- [WORK ORDER]: With the pictures left out, write out exactly the lines of the listing below that run from the line with "PILA Presencial 2026-1: Oportunidade" through the line with "do dnia 25.05.2009r.".

- [SUPPLIED RECORDS]:

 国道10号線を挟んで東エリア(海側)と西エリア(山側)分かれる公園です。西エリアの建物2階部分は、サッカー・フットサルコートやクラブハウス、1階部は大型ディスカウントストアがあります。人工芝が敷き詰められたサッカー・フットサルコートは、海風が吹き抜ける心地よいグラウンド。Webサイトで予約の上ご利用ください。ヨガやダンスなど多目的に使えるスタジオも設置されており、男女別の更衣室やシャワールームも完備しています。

==

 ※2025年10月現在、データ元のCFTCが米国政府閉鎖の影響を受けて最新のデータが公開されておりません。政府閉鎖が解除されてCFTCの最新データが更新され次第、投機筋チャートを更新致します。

...

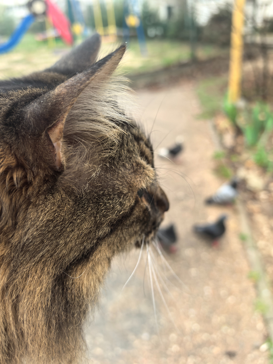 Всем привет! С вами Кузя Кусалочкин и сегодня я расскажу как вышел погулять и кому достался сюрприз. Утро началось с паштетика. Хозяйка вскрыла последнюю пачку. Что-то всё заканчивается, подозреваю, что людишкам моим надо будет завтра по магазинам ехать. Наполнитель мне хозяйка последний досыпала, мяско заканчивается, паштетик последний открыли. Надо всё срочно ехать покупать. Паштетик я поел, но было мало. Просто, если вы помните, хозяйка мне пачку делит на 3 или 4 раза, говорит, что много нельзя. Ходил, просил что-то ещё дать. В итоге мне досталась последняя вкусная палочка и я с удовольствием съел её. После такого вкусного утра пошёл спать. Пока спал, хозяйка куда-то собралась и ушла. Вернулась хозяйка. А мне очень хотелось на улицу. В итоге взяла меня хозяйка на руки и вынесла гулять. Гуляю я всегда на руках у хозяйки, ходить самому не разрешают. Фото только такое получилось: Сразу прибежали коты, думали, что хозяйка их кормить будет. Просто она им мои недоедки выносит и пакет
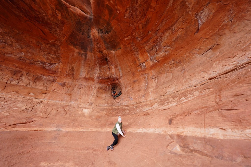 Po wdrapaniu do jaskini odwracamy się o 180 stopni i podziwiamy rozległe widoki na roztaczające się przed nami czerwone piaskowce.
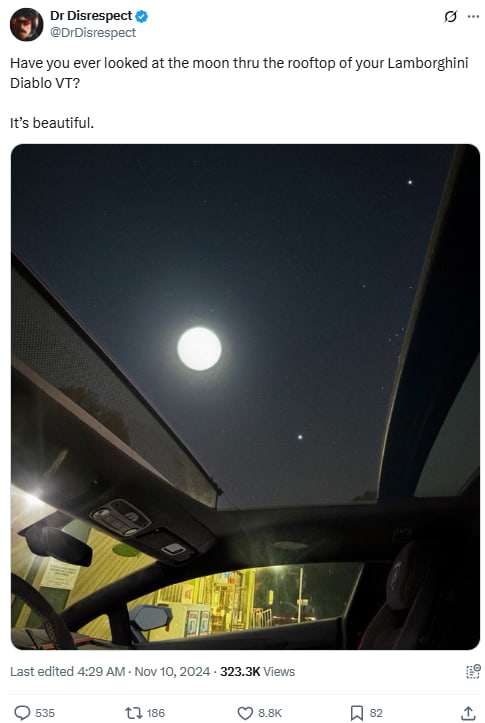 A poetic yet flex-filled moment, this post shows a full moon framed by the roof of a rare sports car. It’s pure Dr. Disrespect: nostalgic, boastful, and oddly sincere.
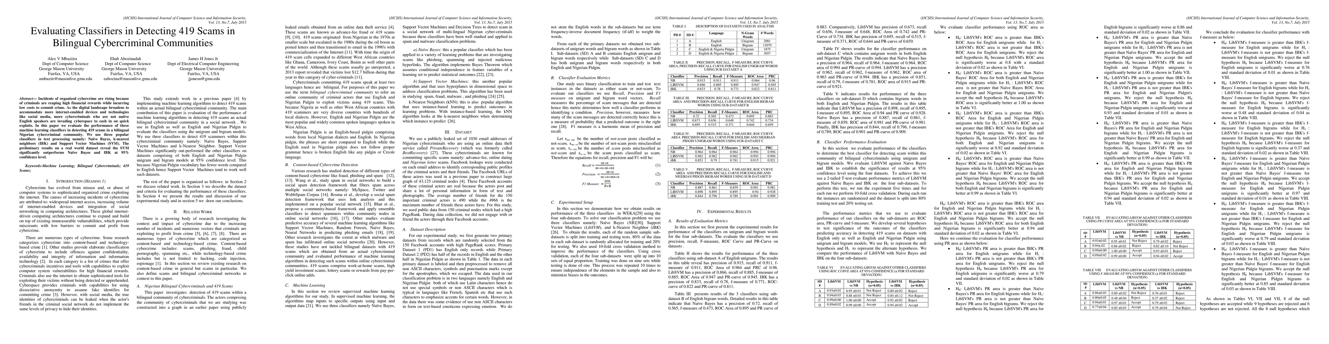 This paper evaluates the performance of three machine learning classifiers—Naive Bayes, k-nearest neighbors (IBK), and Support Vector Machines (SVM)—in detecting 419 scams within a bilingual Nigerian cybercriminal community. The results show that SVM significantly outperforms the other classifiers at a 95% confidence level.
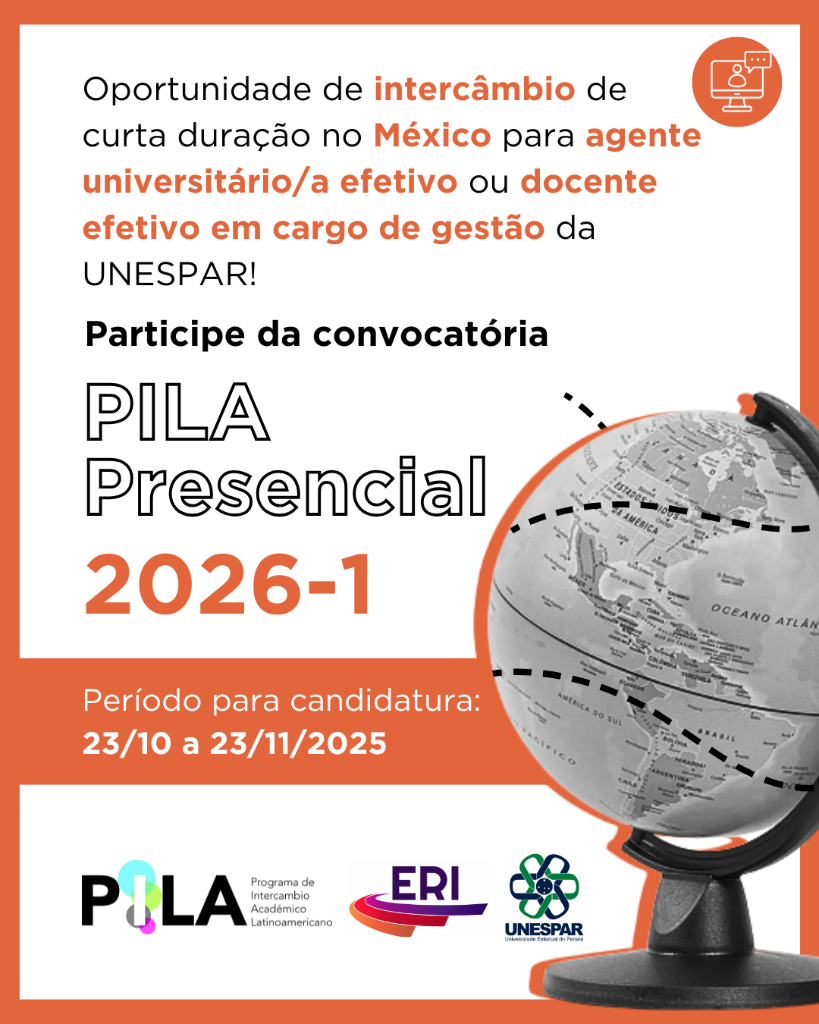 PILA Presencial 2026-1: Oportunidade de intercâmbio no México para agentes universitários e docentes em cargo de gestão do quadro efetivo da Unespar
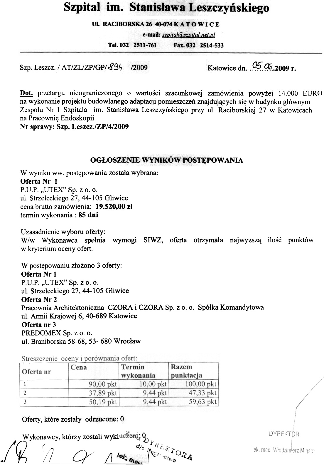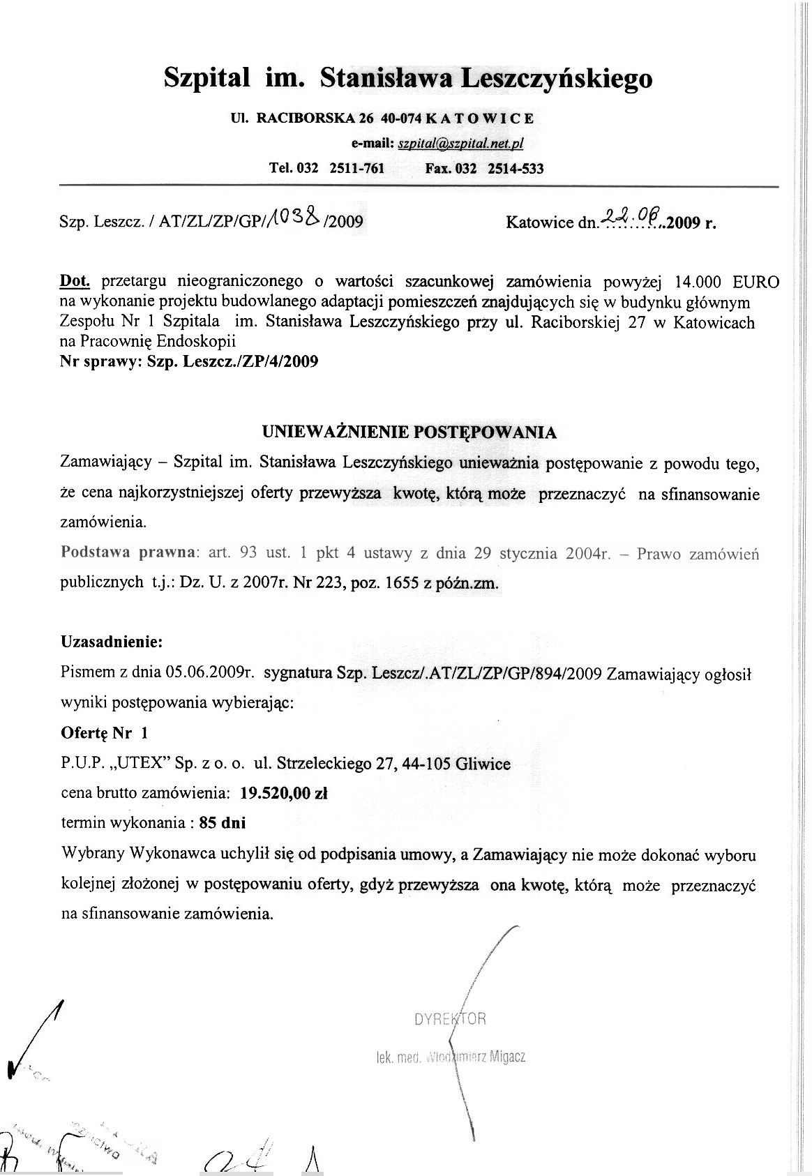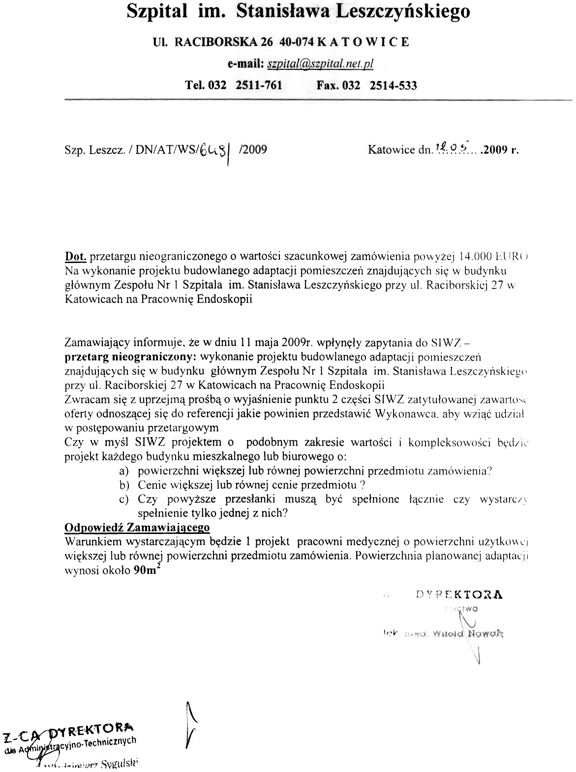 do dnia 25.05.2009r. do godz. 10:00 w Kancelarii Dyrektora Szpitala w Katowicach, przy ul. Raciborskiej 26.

- [EXERCISE RESULT]:
 PILA Presencial 2026-1: Oportunidade de intercâmbio no México para agentes universitários e docentes em cargo de gestão do quadro efetivo da Unespar
 do dnia 25.05.2009r. do godz. 10:00 w Kancelarii Dyrektora Szpitala w Katowicach, przy ul. Raciborskiej 26.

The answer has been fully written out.